HIERARQUIA DE RECEIOS
Sejamos claros. O debate sobre a possível revisão da Constituição estabelece, antes de mais, uma hierarquia de receios. E o mais importante centra-se na hipótese de extensão do mandato presidencial. Seja pelo alargamento do número de mandatos, seja pela dilatação do tempo de cada mandato. Por outras palavras, por muito estruturante que seja, até a discussão sobre a eventual revisão do próprio sistema político passa a ser secundária, face a qualquer abertura para a perpetuação no poder do Presidente da República. Na verdade, é possível dizê-lo ainda de outra forma: se se vier a confirmar a alegada intenção do MPLA de alterar a Lei Fundamental, antes de qualquer outra preocupação, espera-se que João Lourenço não tenha a possibilidade de concorrer a um terceiro mandato consecutivo. Muito menos a facilidade de cumprir um segundo mandado com mais de cinco anos. Qualquer tentativa em contrário, como lembrou um certo político, configuraria um inaceitável “golpe constitucional”.

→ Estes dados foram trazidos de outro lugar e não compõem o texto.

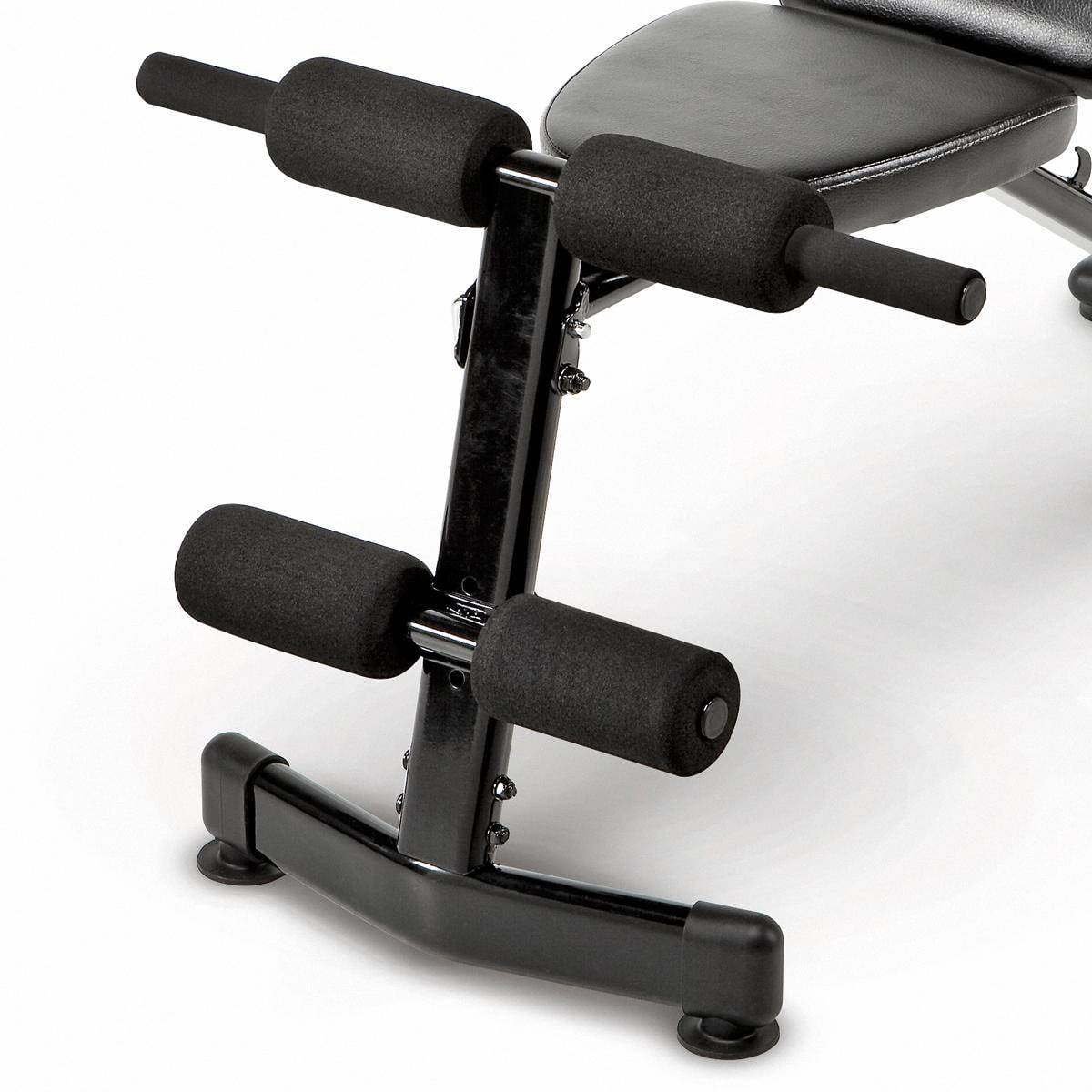 The Utility Bench; offers a multitude of exercise positions for toning and strengthening the whole body. It adjusts to perform upright; incline and flat exercises; such as sit ups; leg raises and more. In addition; it also comes with roller pads and an adjustable ankle pad. Made of heavy-duty steel; the frame is sturdy and durable. The compact size of the Marcy adjustable utility bench makes it easy to use in a variety of places; and it is also foldable for convenient storage.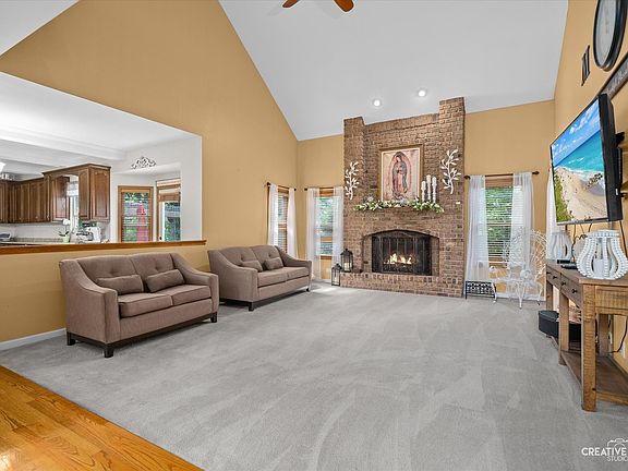 Welcome to your dream home! This exquisite brick-faced 2-story residence boasts an array of features that cater to both comfort and luxury living. Tucked away in a wooded neighborhood, this home offers tranquility while being close to numerous restaurants, shopping, and entertainment options. Inside, stunning hardwood floors grace the entrance, including the spacious living room with cathedral ceilings and the separate formal dining room adorned with beamed ceilings. Adjacent to the dining room, you'll find an office, powder room, and additional living space for added flexibility. Cozy up by the floor-to-ceiling brick fireplace or indulge your culinary passions in the large, open concept kitchen equipped with stainless steel appliances and gorgeous granite countertops. Retreat to one of the four bedrooms (with the possibility of TWO more in the basement!) and unwind in the primary suite featuring two walk-in closets, one equipped with its own washer and dryer for added convenience. With 3 and a half bathrooms, there's no shortage of comfort and convenience. The basement offers additional entertainment space with a large gated playroom and a separate living area complete with a dry bar. Park with ease in the 3-car garage, which includes an EV charger. Have peace of mind for years to come with recent major updates including a BRAND NEW ROOF installed in 2023, along with a BRAND NEW water heater and a 2-3 year-old central A/C system. Step outside to the stunning custom stone patio that boasts a wood-fired grill valued at $70,000! Enjoy the privacy of the fenced-in backyard surrounded by beautiful mature trees. The carpet was just professionally cleaned, ensuring a fresh and inviting atmosphere. Don't miss out on the opportunity to call this remarkable property your home. Schedule a viewing today and experience luxury living at its finest! This one won't last long!

A nova liderança do MPLA até tem razões comparativas para se mostrar avessa a qualquer tentativa de golpe constitucional para se perpetuar no poder. Até antes de chegar ao cadeirão da Cidade Alta, João Lourenço foi obrigado a ‘engolir’ ao longo de décadas que José Eduardo dos Santos era o único dirigente do MPLA capaz de conduzir o país. E, entre os que defendiam publicamente tal ‘façanhice’, encontravam-se figuras proeminentes do partido. Mas, nos últimos anos, eram sobretudo algumas das jovens promessas mais destacadas que elevavam o endeusamento de José Eduardo dos Santos além dos limites do céu.

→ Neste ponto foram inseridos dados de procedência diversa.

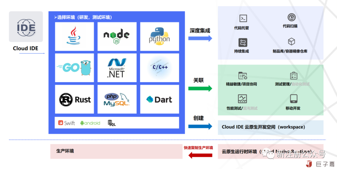 Cloud IDE是DevOps理念与云原生相融合的大成者,解决了研发上云最后一公里编辑器上云的难题,是彻底实现研发一体化,研发上云的关键产品;产品借助云原生技术实现重大突破,将本地研发环境全部迁移至云端,秒级创建强一致性的研发环境。同时深度集成数据资产管理工具及部分专业提效工具,打通关联研发过程管理工具,实现研发全过程上云,在云端高效协作。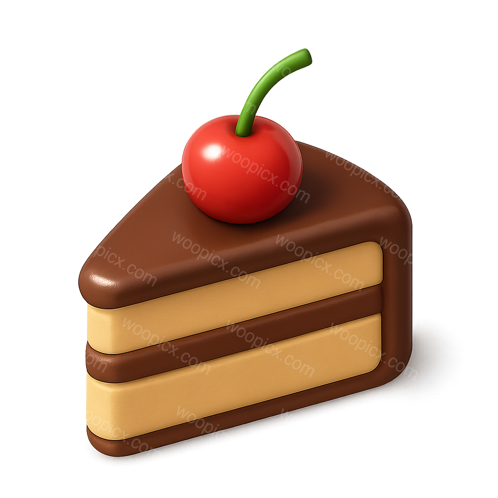A visually appealing 3D slice of cake featuring layers of cream and topped with a vibrant cherry. The design has a smooth, volumetric quality and is shown in an isometric perspective.

João Lourenço, entretanto, nunca acreditou nisso. Não fosse ele o único a ter-se colocado, publicamente, na linha da sucessão, em 2001, numa altura em que Jonas Savimbi ainda combatia nas matas. Mas Lourenço fez mais. Ao chegar à liderança do país e do seu partido, elegeu o combate à bajulação entre as prioridades. E, ao fazê-lo, disseminou a mensagem dentro do seu próprio partido que, a partir de 26 de Setembro de 2017, estava sentado no cadeirão presidencial um simples e mortal terráqueo e não uma qualquer divindade. Seria, portanto, no mínimo, surreal que João Lourenço patrocinasse ou deixasse fluir agora uma eventual tese da sua insubstituibilidade.
Voltemos ao princípio. Num eventual cenário de revisão constitucional, há debates que se sobrepõem. E o debate sobre um hipotético aumento do mandato presidencial precede a tudo o resto, porque está mais do que provado que, na construção das democracias africanas, a longevidade do poder é das principais fontes de conflito. Precisamente por isso é possível, no nosso caso, discutir a duração do poder, antes de se acordar a forma do poder.
Sobra, por fim, um outro debate que poderá ser feito, o da legitimidade moral dos prováveis autores da reforma constitucional. Mas este só interessará se ficar confirmada a intenção de se efectivar o golpe constitucional. Aguardemos.